It is believed that CLAVATA3 (CLV3) encodes a peptide ligand that interacts with the CLV1/CLV2 receptor complex to limit the number of stem cells in the shoot apical meristem of Arabidopsis thaliana; however, the exact composition of the functional CLV3 product remains a mystery. A recent study on CLV3 shows that the CLV3/ESR (CLE) motif, together with the adjacent C-terminal sequence, is sufficient to execute CLV3 function when fused behind an N-terminal sequence of ERECTA. Here we show that most of the sequences flanking the CLE motif of CLV3 can be deleted without affecting CLV3 function. Using a liquid culture assay, we demonstrate that CLV3p, a synthetic peptide corresponding to the CLE motif of CLV3, is able to restrict the size of the shoot apical meristem in clv3 seedlings but not in clv1 seedlings. In accordance with this decrease in meristem size, application of CLV3p to in vitro-grown clv3 seedlings restricts the expression of the stem cell-promoting transcription factor WUSCHEL. Thus, we propose that the CLE motif is the functional region of CLV3 and that this region acts independently of its adjacent sequences.

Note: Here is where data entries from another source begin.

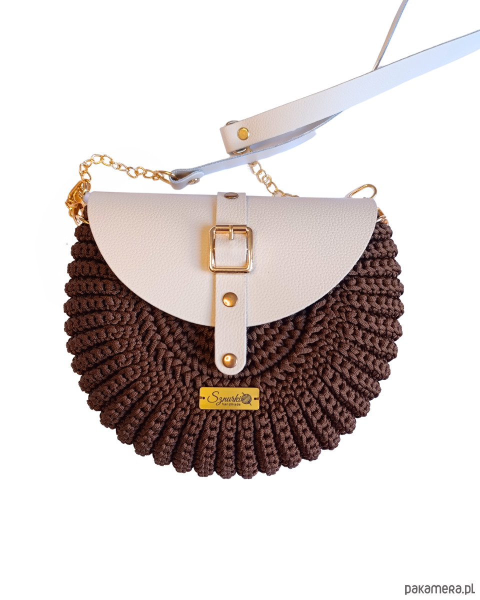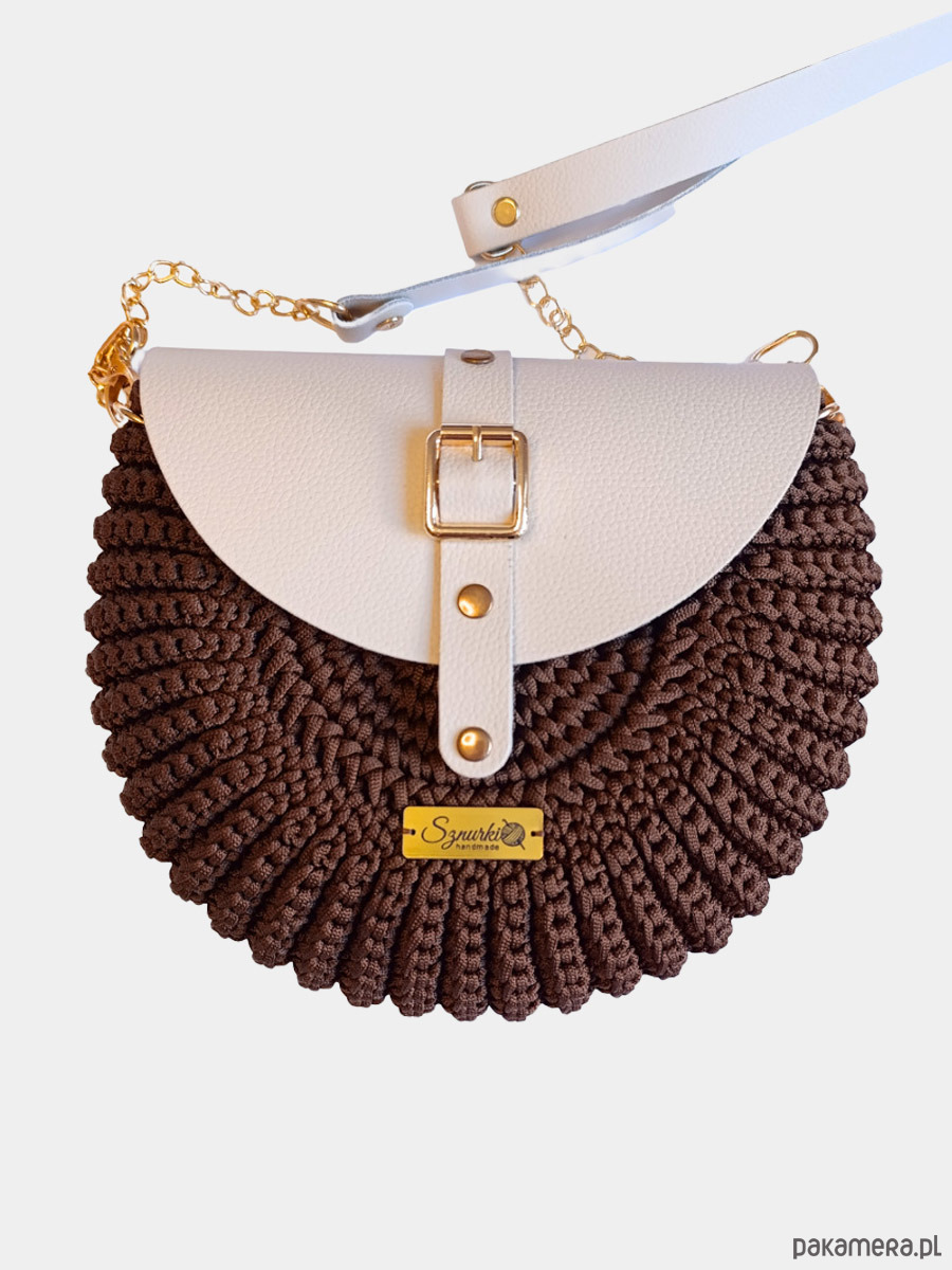 Model ręcznie szydełkowany, z elementami ze skóry naturalnej.
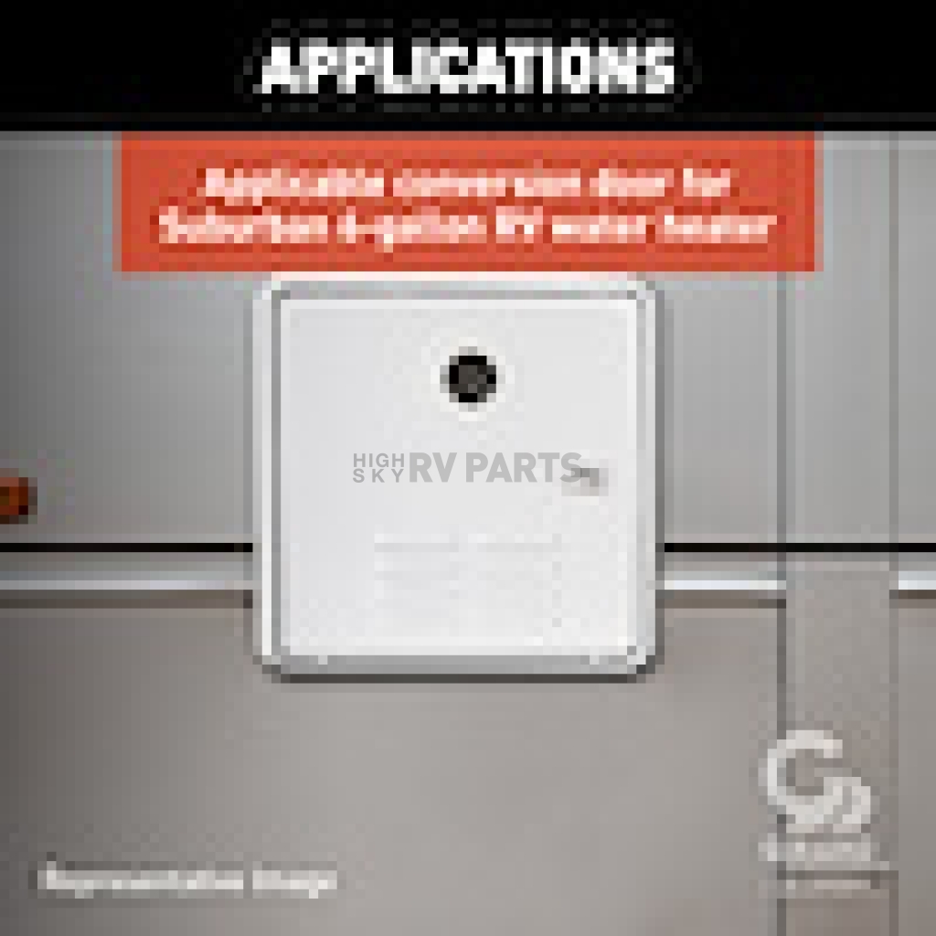 Water Heater Access Door; GSWH-2; Replacement For Suburban 6 Gallon Water Heater; Latch Closing; Polar White
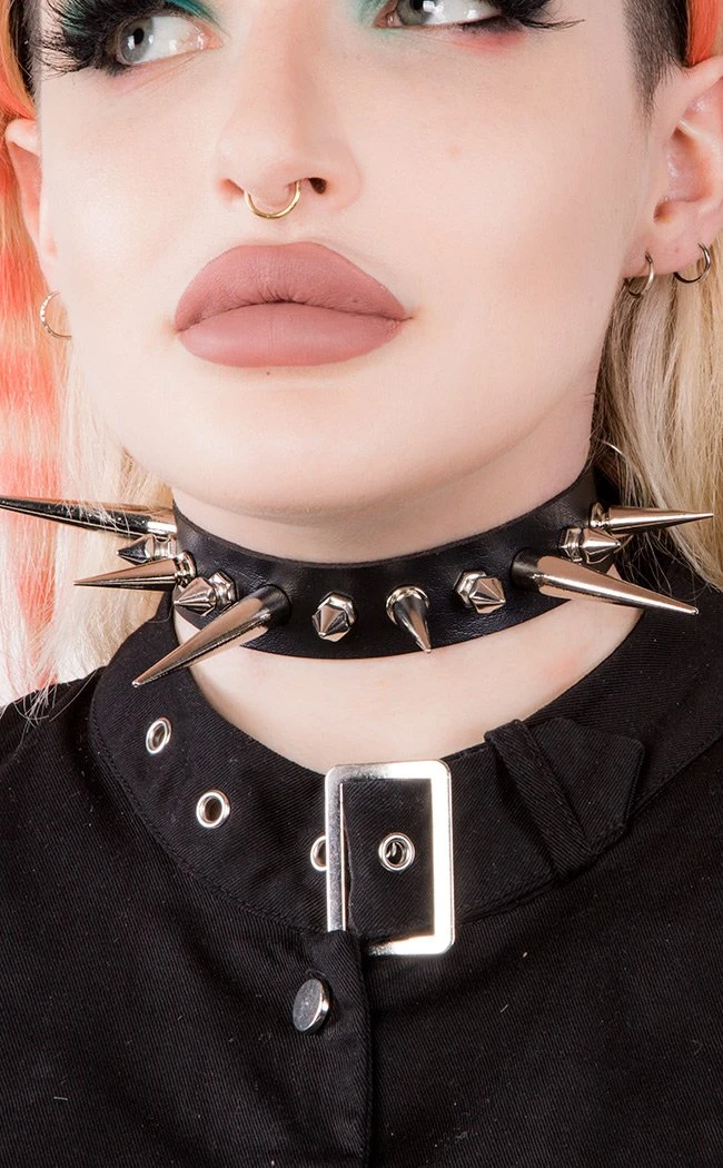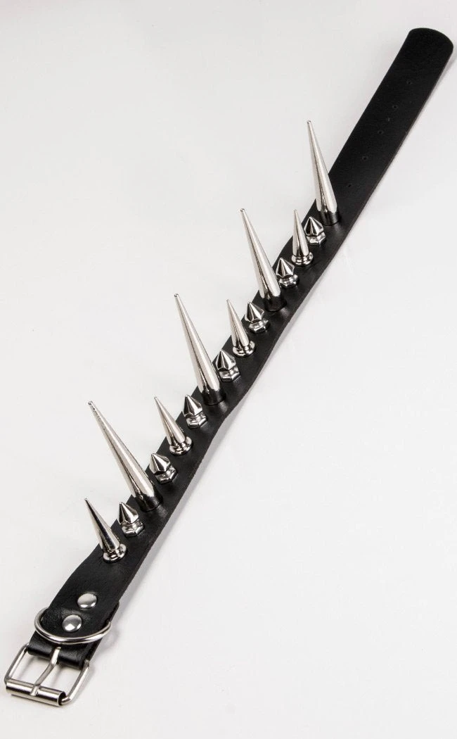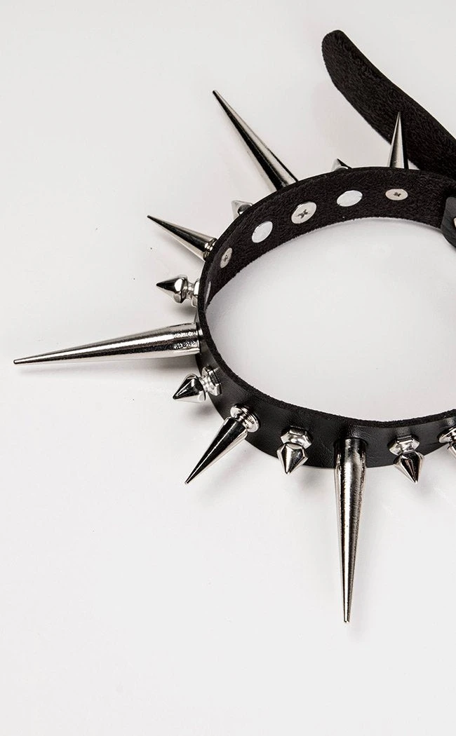 Get yer danger on with this demonic statement piece! Silver spikes of different lengths gash out from a vegan leather band, securing with an adjustable buckle.

机译:相信CLAVATA3(CLV3)编码与CLV1 / CLV2受体复合物相互作用的肽配体,以限制拟南芥茎尖分生组织中干细胞的数量。但是,功能性CLV3产品的确切组成仍然是个谜。最近对CLV3的研究表明,当CLV3 / ESR(CLE)基序与相邻的C端序列一起融合在ERECTA的N端序列后面时,足以执行CLV3功能。在这里,我们显示了在不影响CLV3功能的情况下,可以删除位于CLV3 CLE基序侧翼的大多数序列。使用液体培养测定法,我们证明CLV3p(一种对应于CLV3的CLE基序的合成肽)能够限制clv3幼苗中的茎尖分生组织的大小,但不能限制clv1幼苗中的茎尖分生组织的大小。根据分生组织大小的这种减少,将CLV3p应用于体外生长的clv3幼苗会限制干细胞促进转录因子WUSCHEL的表达。因此,我们建议CLE主题是CLV3的功能区域,并且该区域独立于其相邻序列起作用。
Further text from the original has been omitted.